Greenpeace: per proteggere i mari italiani dalla crisi climatica servono più aree marine protette
Secondo i dati emersi dalla “Relazione del quarto anno di Progetto Mare Caldo (2022-2023) - Monitoraggio degli effetti dei cambiamenti climatici sugli ecosistemi marini bentonici di scogliera” pubblicato dal Dipartimento di scienze della terra, dell’ambiente e della vita (DiSTAV) dell’università di Genova. Greenpeace Italia ed Elbatech, »I nostri mari stanno subendo profonde trasformazioni per gli effetti, sempre più evidenti, del cambiamento climatico e delle anomalie termiche. Le gorgonie mostrano sempre più segni di mortalità, mentre si diffondono le specie termofile come il famigerato vermocane e quelle aliene provenienti dai tropici, che prediligono acque più calde».
I risultati del rapporto sono stati presentati oggi a Genova, a bordo della nave Arctic Sunrise di Greenpeace, durante il convegno “Obiettivo 30x30 - Proteggere il 30 per cento dei mari italiani entro il 2030” organizzato nell’ambito della spedizione “C’è di mezzo il mare”, a pochi giorni della Giornata internazionale del Mar Mediterraneo dell’8 luglio.
Dal rapporto emerge che «Nelle 12 aree di studio italiane che partecipano al progetto, di cui 11 sono in aree marine protette (AMP), appaiono evidenti gli effetti del riscaldamento dell’acqua, indipendentemente dalla localizzazione geografica e dal diverso livello di protezione ambientale. Il confronto tra le diverse aree ha evidenziato lo stato di maggiore sofferenza dell’ecosistema marino dell’Isola d’Elba, l’unica area non protetta tra quelle monitorate dal progetto Mare Caldo. Qui le comunità di scogliera sono infatti fortemente dominate da alcune specie e risultano essere meno resilienti alle conseguenze del cambiamento climatico».
Nel 2023 sono stati condotti i monitoraggi biologici nelle AMP di Capo Milazzo e delle Isole Tremiti e Greenpeace dice che «Gli organismi più sensibili sono risultati le diverse specie di gorgonie (Eunicella cavolini, Eunicella singularis, e Paramuricea clavata), le quali sono apparse spesso coperte dalla mucillagine, che in alcuni casi arrivava a coprire il 30-40% delle colonie. Segni importanti di sbiancamento sono stati riscontrati sulle alghe corallinacee incrostanti e sui madreporari Cladocora coespitosa e Astroides calycularis».
I monitoraggi condotti in questi anni indicano che «Le specie termofile tipiche di acque più calde, tra cui il pesce pappagallo (Sparisoma cretense), il barracuda mediterraneo (Sphyraena viridensis) e il vermocane (Hermodice carunculata), diventano sempre più abbondanti, specialmente nel sud Italia.

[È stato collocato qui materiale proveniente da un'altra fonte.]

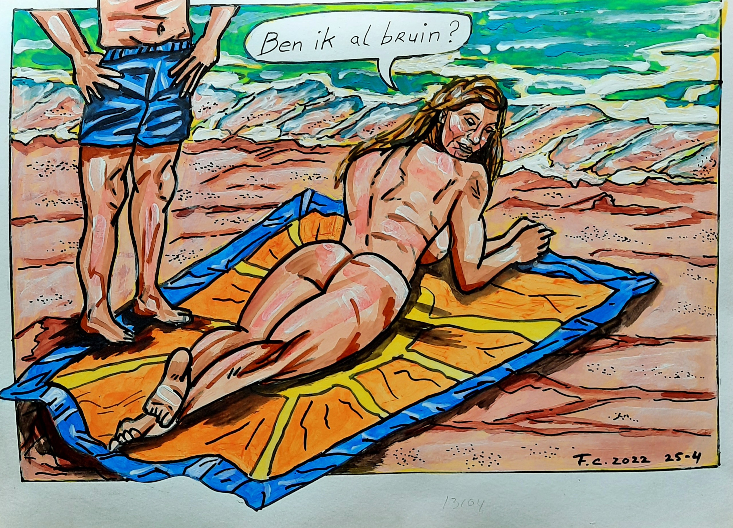 Zee Zon Strand Vrouw Bruin Mixed Media Zand Sea Popart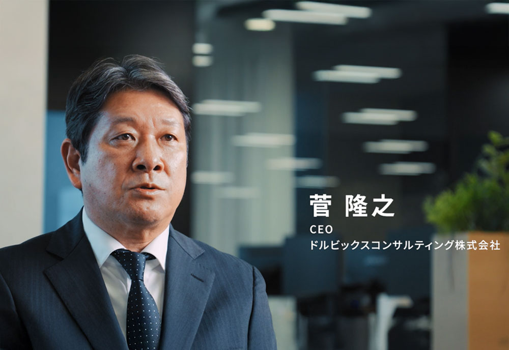 ドルビックスの菅隆之社長は、「デジタル技術が日進月歩で進化・発展する時代、企業活動の前提が大きく変わっていく中で、我々の役割は企業変革のためのシナリオを一緒に描くことです」と語る。

Inoltre, sono sempre più frequenti le specie aliene provenienti dai mari tropicali che, grazie alla loro forte competitività e capacità di adattamento, alterano la biodiversità dei nostri mari e generano profonde alterazioni negli ecosistemi marini: ne sono un concreto esempio le specie di alghe verdi Caulerpa cylindracea e Caulerpa taxifolia».
Monica Montefalcone, docente di ecologia dell’università di Genova e responsabile scientifico del progetto ha spiegato che «La rete Mare Caldo di registrazione delle temperature del mare e i continui monitoraggi nel tempo degli effetti del riscaldamento sugli ecosistemi marini sono uno strumento efficace per comprendere le risposte degli ecosistemi marini al cambiamento globale, permettendoci così di suggerire azioni concrete da intraprendere per arginare tali effetti, come ad esempio l’aumento delle aree marine protette». ,
Giuseppe Ungherese di Greenpeace Italia ha concluso: «I monitoraggi del 2023 confermano gli impatti sempre più evidenti del riscaldamento del pianeta ma ribadiscono l’importanza della conservazione e dell’effetto positivo che le aree marine protette hanno sulla biodiversità. La mitigazione e la corretta gestione delle pressioni locali rappresentano le migliori strategie per aumentare la resilienza degli ecosistemi marini costieri. Laddove non esiste una protezione formale, come nel caso della stazione dell’Isola d’Elba, gli effetti negativi delle anomalie termiche sono ancora più evidenti. Tuttavia, anche le aree protette soffrono il riscaldamento delle acque marine, a riprova che se vogliamo salvare gli ecosistemi marini la riduzione delle emissioni di gas serra per contrastare la crisi climatica non è più rinviabile».